Novax DMA

3D printed cranial implant gives better quality of life

Cranial implants are highly intricate and must be manufactured to the highest standards. Once such patient in Argentina, who needed a particularly large implant after cerebrovascular surgery, required an implant to be the best fit possible, with good tolerance of the implant by the body and integration with biological functions. Novax DMA, based in Buenos Aires, was assigned the challenge to develop and manufacture a perfectly-fitting implant for the cranial area - able to accommodate permeability to liquids and heat dissipation.

Challenge

The body is very tolerant of titanium but, as it is a metal, there is a danger to patients exposing themselves to the sun and too much heat being transmitted into the body. In addition, a titanium structure would not be permeable for tissue fluid from the brain. For this patient, the procedure required special secondary process added to the specification. By including a secondary treatment after manufacturing - in this case ‘cleaning’ - made it possible to use a 3D printed part for this challenge. The importance of cleaning is vital because adherent particles are released from the body by the slightest movement, which can lead to infection or rejection. So a completely germ-free environment is a key criterion for the successful acceptance of an implant by the body.
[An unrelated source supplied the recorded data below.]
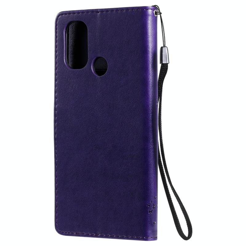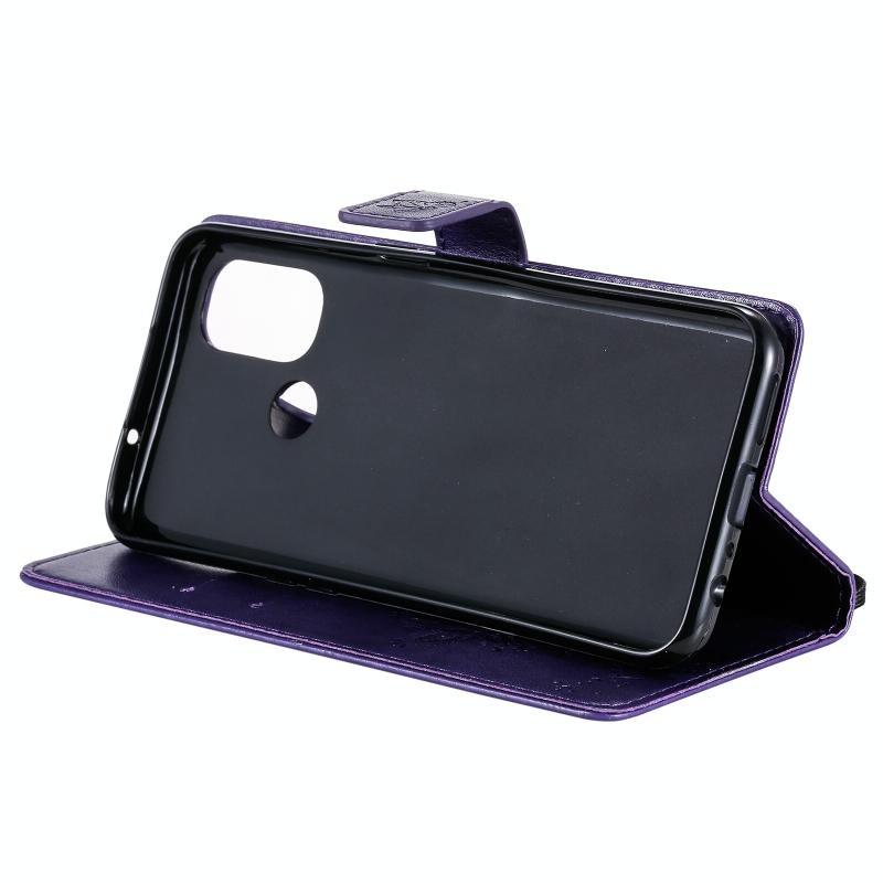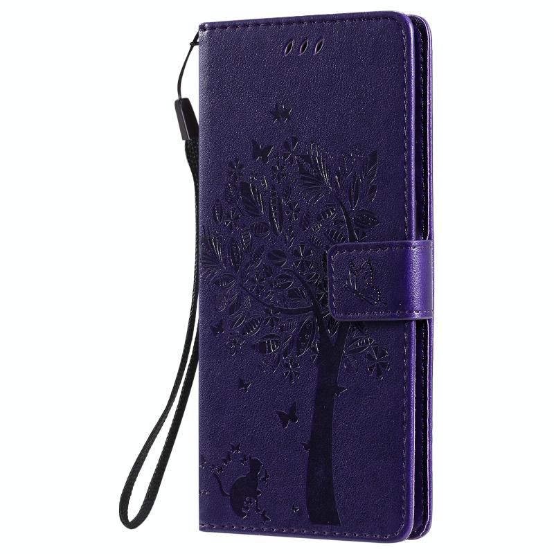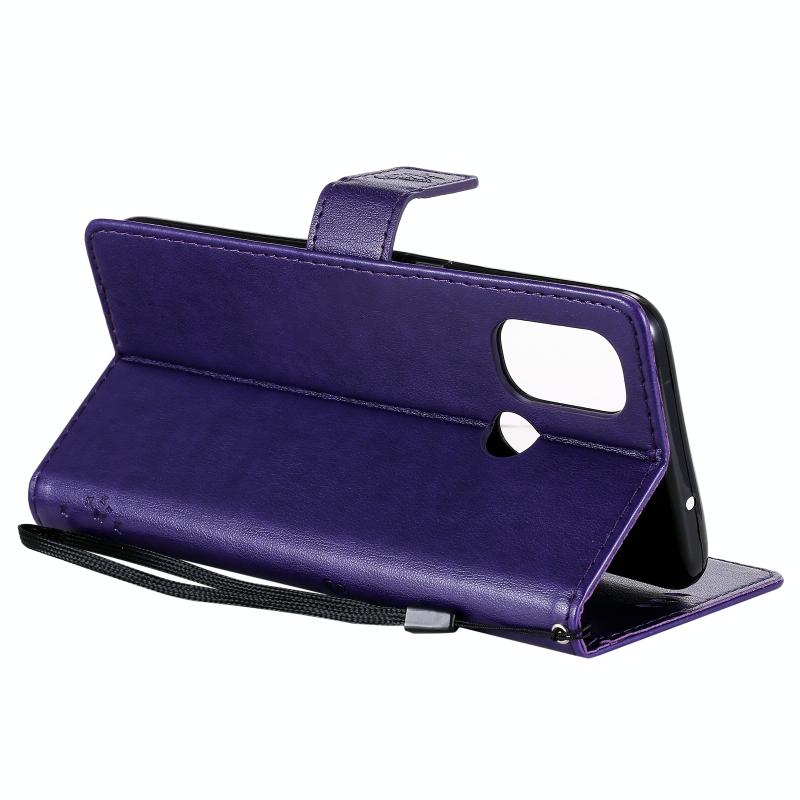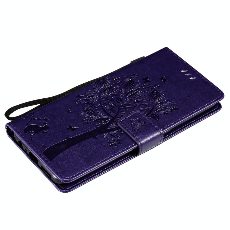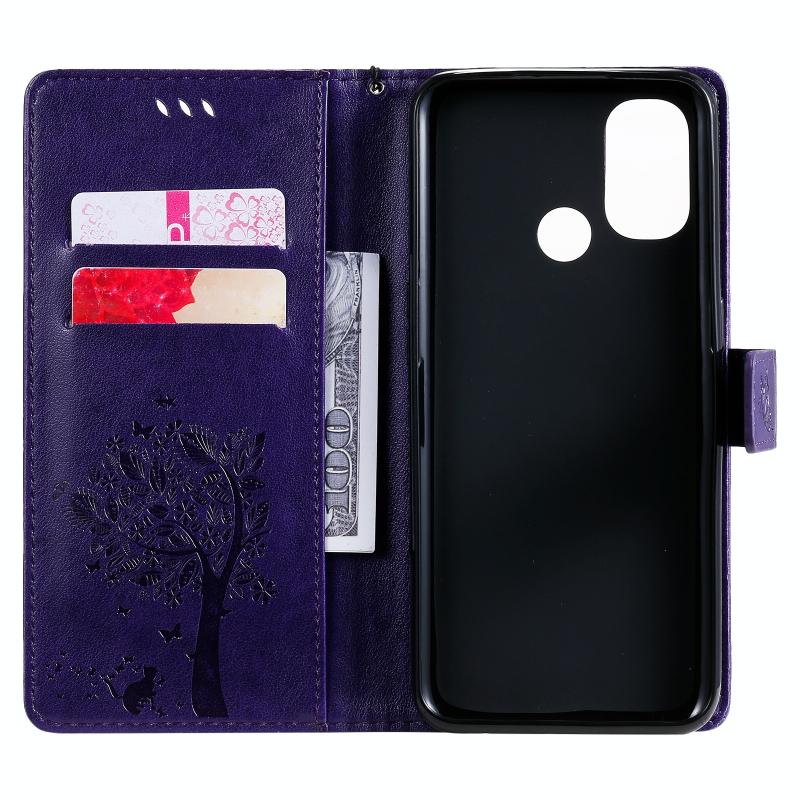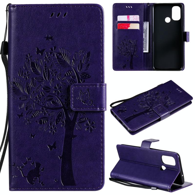 For OnePlus Nord N100 Tree & Cat Pattern Pressed Printing Horizontal Flip PU Leather Case with Holder & Card Slots & Wallet & Lanyard(Purple)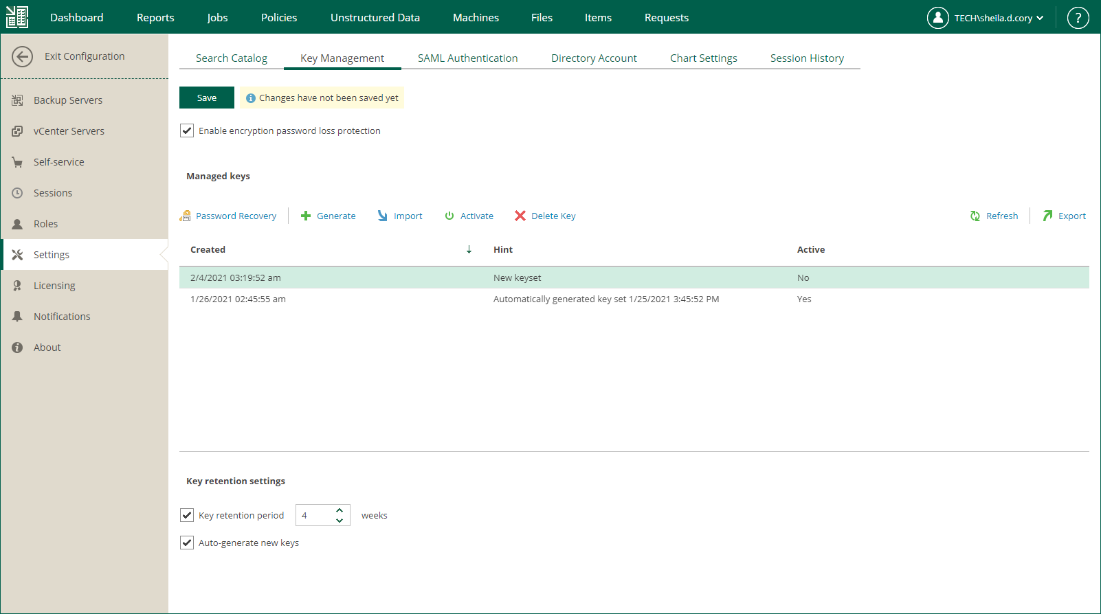 - If you want Veeam Backup Enterprise Manager to automatically generate a new keyset, select the Auto-generate new keys check box. After the current keyset expires, Veeam Backup Enterprise Manager will automatically generate a new keyset and mark it as active. During the next data synchronization session, Veeam Backup Enterprise Manager will propagate the newly created public Enterprise Manager key to all connected Veeam backup servers. The private Enterprise Manager key will remain on Veeam Backup Enterprise Manager and will be used for data decryption.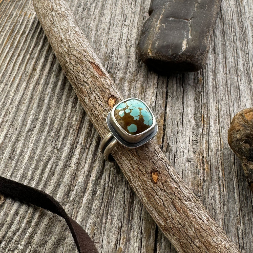 Each genuine turquoise stone — square or rectangular — is completely one of a kind. You’ll choose your favorite from the available options, and the matrix and color will guide the final look of your custom ring. Wrapped in fine silver and set on a solid two-line sterling band, this piece is made by hand in my Colorado studio.

It is important for an implant in the cranium-brain area to support - or at least not hinder - the recovery process. The first requirement is as perfect as fit as possible. This is one of the major benefits of additive manufacturing: the layer-by-layer manufacturing by a laser - in this case with titanium - hardened on a piece-by-piece basis; lends itself to maximum customisation of shape and size.

As well as the need for a perfect fit, there were more challenges along the way for Novax DMA, who partnered by Proto Labs, during the challenge to create the perfect part. Due to the size of the patient’s hole in the cranial bone, the solution included integrating the biological function of the implant while minimising heat transfer into the brain tissue.

Solution

After Novax DMA and Proto Labs experts pulled together and evaluated all aspects of the challenge, they came to the conclusion that only a porous structure would exhibit the required properties. The result involved a grill-shaped implant with integrated fixing lugs for the cranial bone. This will allow liquids to permeate it and enables growth of the bone. In addition, this design has an insulating effect, so the conduction of heat into the interior of the cranium is minimised. The dimensions: The pinholes themselves are approx. 1mm wide, the grill width being around 0.2mm. After the basic structure was confirmed, the medical technology specialists took over.

 

Daniel Fiz, Chief Executive Officer of Novax DMA, remembers: “Time was of the essence for this work. Patients need to receive their implant as quickly as possible. After we received the final information about dimensions, we started work on the construction and manufacture of the implant with Proto Labs.”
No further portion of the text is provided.